Friday, June 3, 2011

Moments in Pioneers History...The Golden Anniversary

As we continue our countdown this year to Pioneers' actual founding date of November 2nd, just five months away, we reflect on yet another great moment in Pioneers' history....

The year 1961 was full of 50th anniversary celebrations, with Chapters planning their own special events for the momentous anniversary on November 2. The 50th Anniversary theme was also carried throughout the entire year, with dinner dances, assemblies, pageants, media coverage, and other Chapter events.

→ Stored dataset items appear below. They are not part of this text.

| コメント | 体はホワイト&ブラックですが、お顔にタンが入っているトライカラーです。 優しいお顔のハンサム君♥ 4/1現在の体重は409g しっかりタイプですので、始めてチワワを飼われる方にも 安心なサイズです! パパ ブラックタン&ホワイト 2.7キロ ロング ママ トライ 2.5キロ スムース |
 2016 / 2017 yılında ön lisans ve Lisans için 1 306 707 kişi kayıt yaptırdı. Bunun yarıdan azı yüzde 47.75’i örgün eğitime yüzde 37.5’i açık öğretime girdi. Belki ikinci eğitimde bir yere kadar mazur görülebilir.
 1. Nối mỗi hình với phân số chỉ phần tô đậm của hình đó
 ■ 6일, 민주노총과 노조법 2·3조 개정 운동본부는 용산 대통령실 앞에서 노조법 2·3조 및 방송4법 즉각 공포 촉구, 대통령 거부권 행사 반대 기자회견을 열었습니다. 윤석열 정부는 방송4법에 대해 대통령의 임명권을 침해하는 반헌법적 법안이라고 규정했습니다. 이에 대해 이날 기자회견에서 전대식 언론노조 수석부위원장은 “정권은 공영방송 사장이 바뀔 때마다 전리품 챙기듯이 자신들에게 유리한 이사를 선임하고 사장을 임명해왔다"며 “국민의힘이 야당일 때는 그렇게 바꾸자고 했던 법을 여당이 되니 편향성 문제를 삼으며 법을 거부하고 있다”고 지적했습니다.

On September 19-21, the General Assembly meeting was held in Boston, birthplace of both the telephone and of the Telephone Pioneers. Several speeches were given at the meeting, and one in particular was especially inspiring to the Telephone Pioneers: “We shall build a greater communications system in keeping with the needs of a new era in man’s history—and a service organization unparalleled anywhere in the world.”

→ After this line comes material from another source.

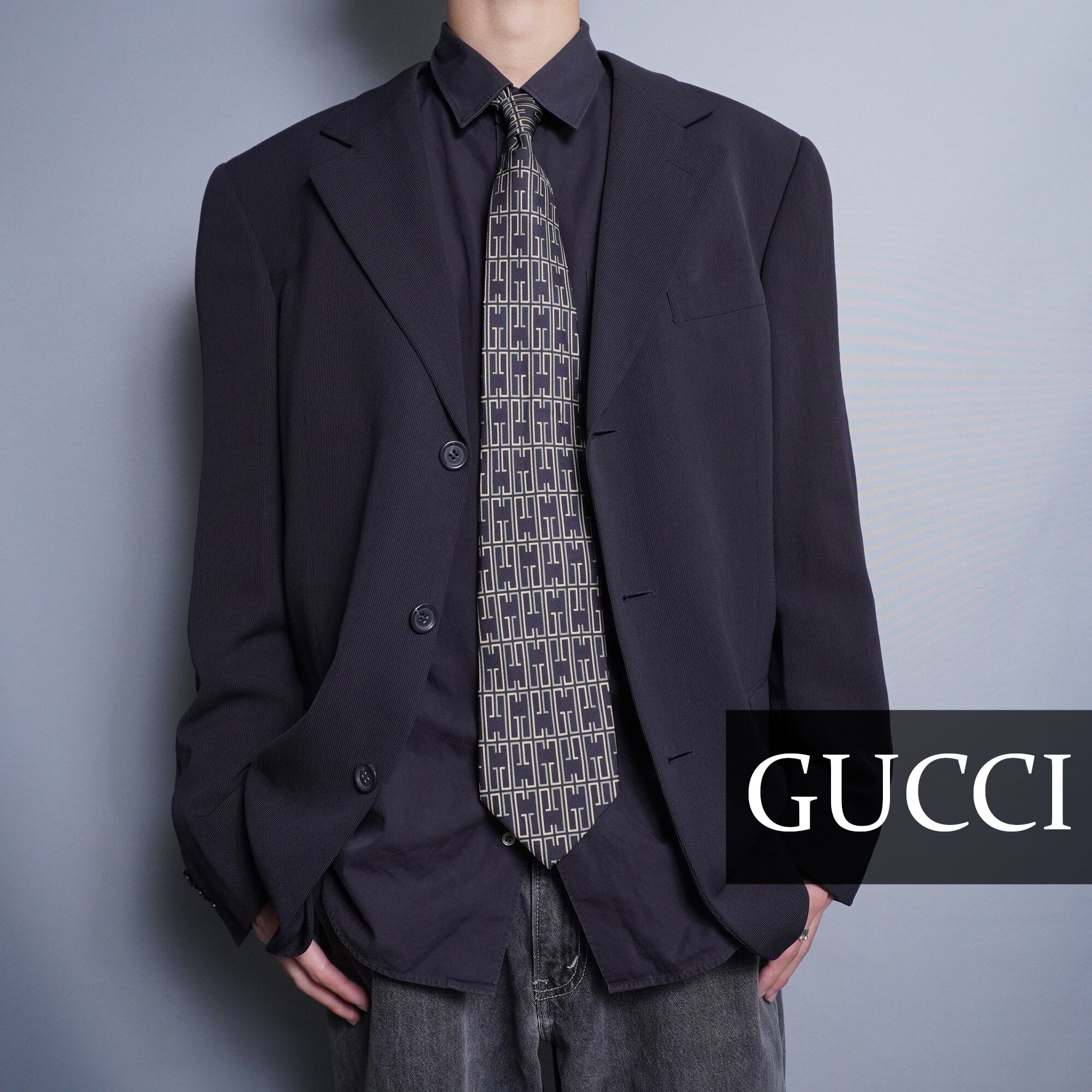 GUCCI定番のGC総柄ネクタイになります。遠くから見るときと、近くから見るときの見え方が違う絶妙な配色とバランス感が特徴。

The second 25 years of Telephone Pioneers history encompassed numerous accomplishments, changes, and innovations, both before and after meetings were suspended during the World War II years. In 1938, the General Assembly in Philadelphia had adopted a plan to divide the association into 17 regions along company lines, though it was realigned into 12 regions in 1942. At an executive committee meeting in New York in 1940, the decision was made to establish Affiliate Membership, so that members could retain their status even if they moved to a different Chapter. In Cleveland in 1946, at the first post-war General Assembly meeting, the 12 regions were further realigned, in order to balance membership numbers, which had reached 100,000 for the first time.

Then, at 1958’s General Assembly meeting in Chicago, just two years before membership ballooned to over 200,000, a change was made that would transform the entire look of the organization well into the future—the Telephone Pioneers adopted a new focus: community service, referred to as the organization’s “New Tradition,” but which still endures today.